## DATA EXCERPT
▽

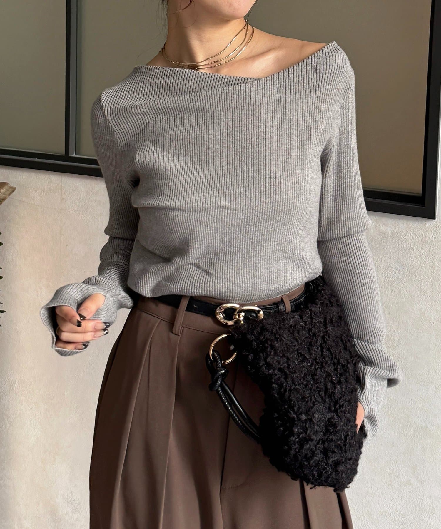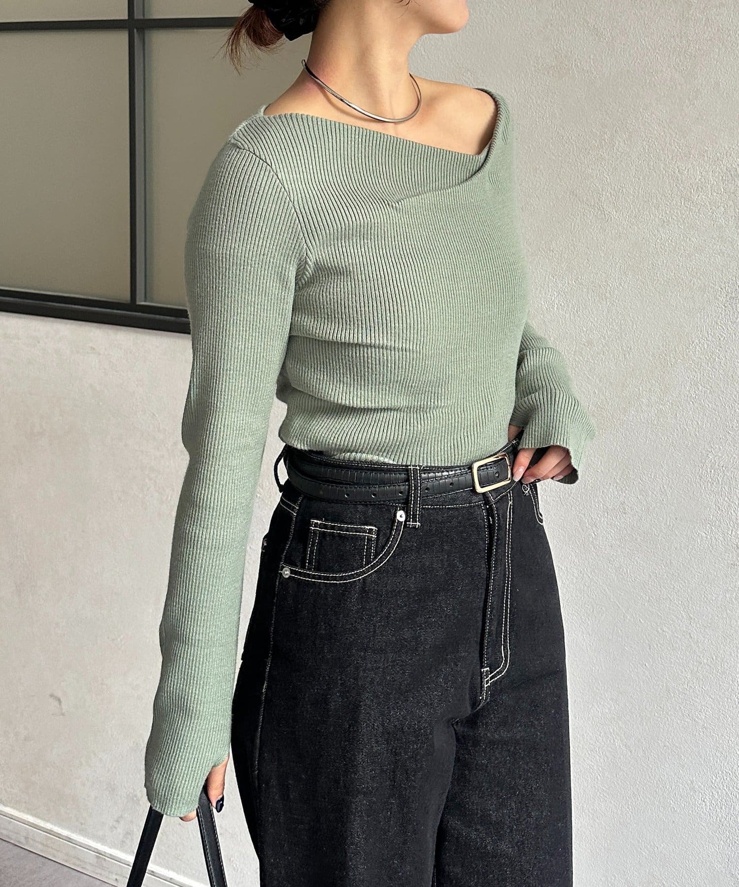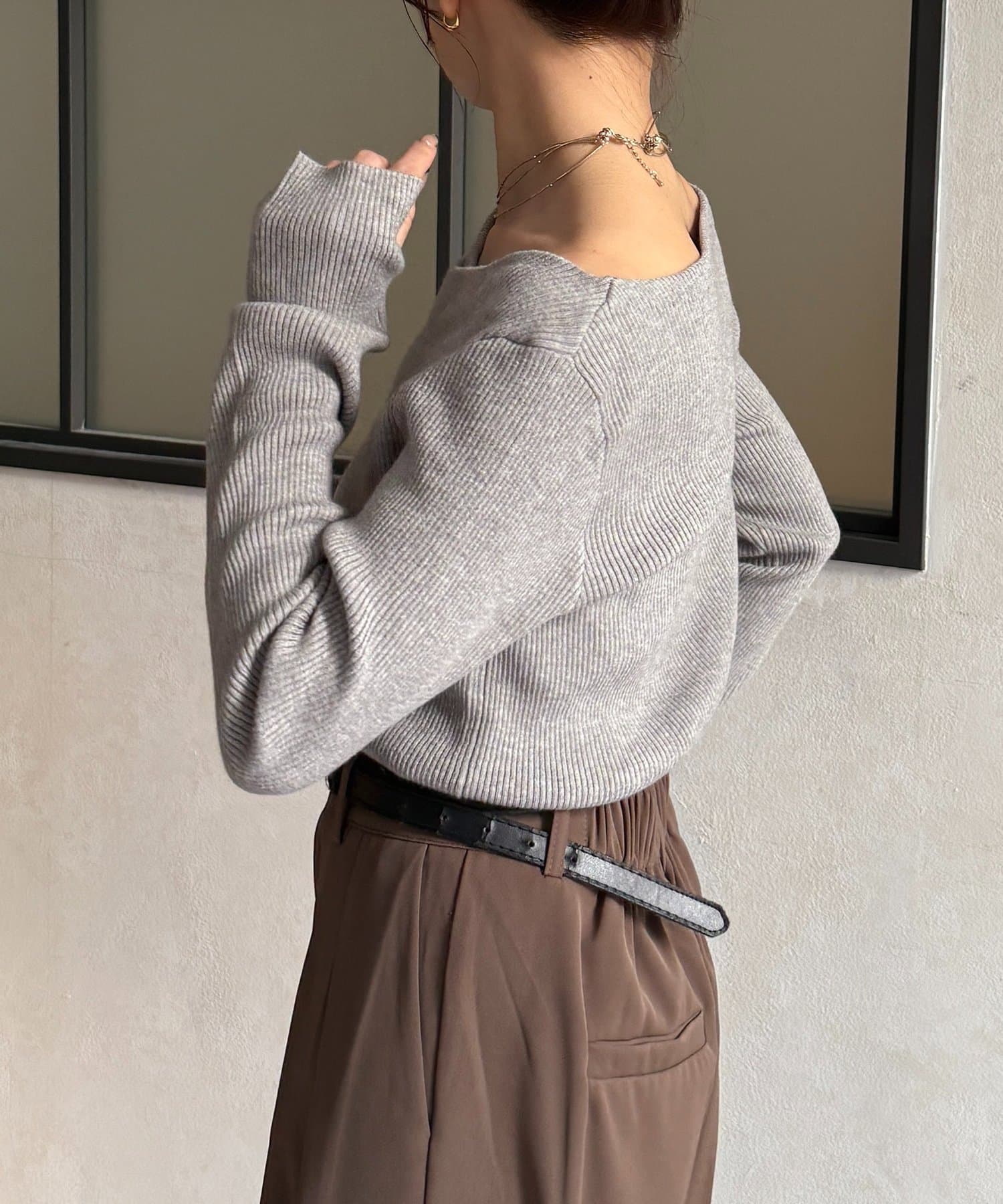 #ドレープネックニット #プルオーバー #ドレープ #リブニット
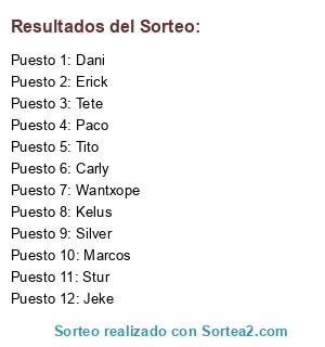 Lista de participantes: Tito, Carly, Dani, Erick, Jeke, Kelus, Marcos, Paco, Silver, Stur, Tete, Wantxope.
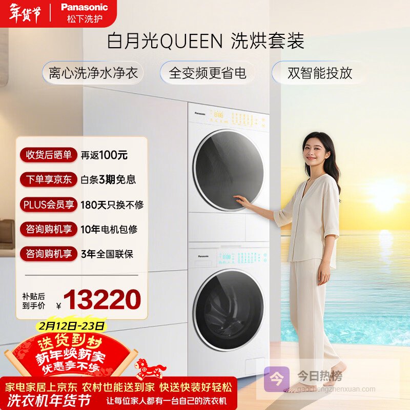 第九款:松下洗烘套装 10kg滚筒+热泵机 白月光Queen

△

## INSTRUCTIONS FOR THE TASK
The answer should be the complete listing, set down exactly, without pictures.

## FINAL ANSWER
 #ドレープネックニット #プルオーバー #ドレープ #リブニット
 Lista de participantes: Tito, Carly, Dani, Erick, Jeke, Kelus, Marcos, Paco, Silver, Stur, Tete, Wantxope.
 第九款:松下洗烘套装 10kg滚筒+热泵机 白月光Queen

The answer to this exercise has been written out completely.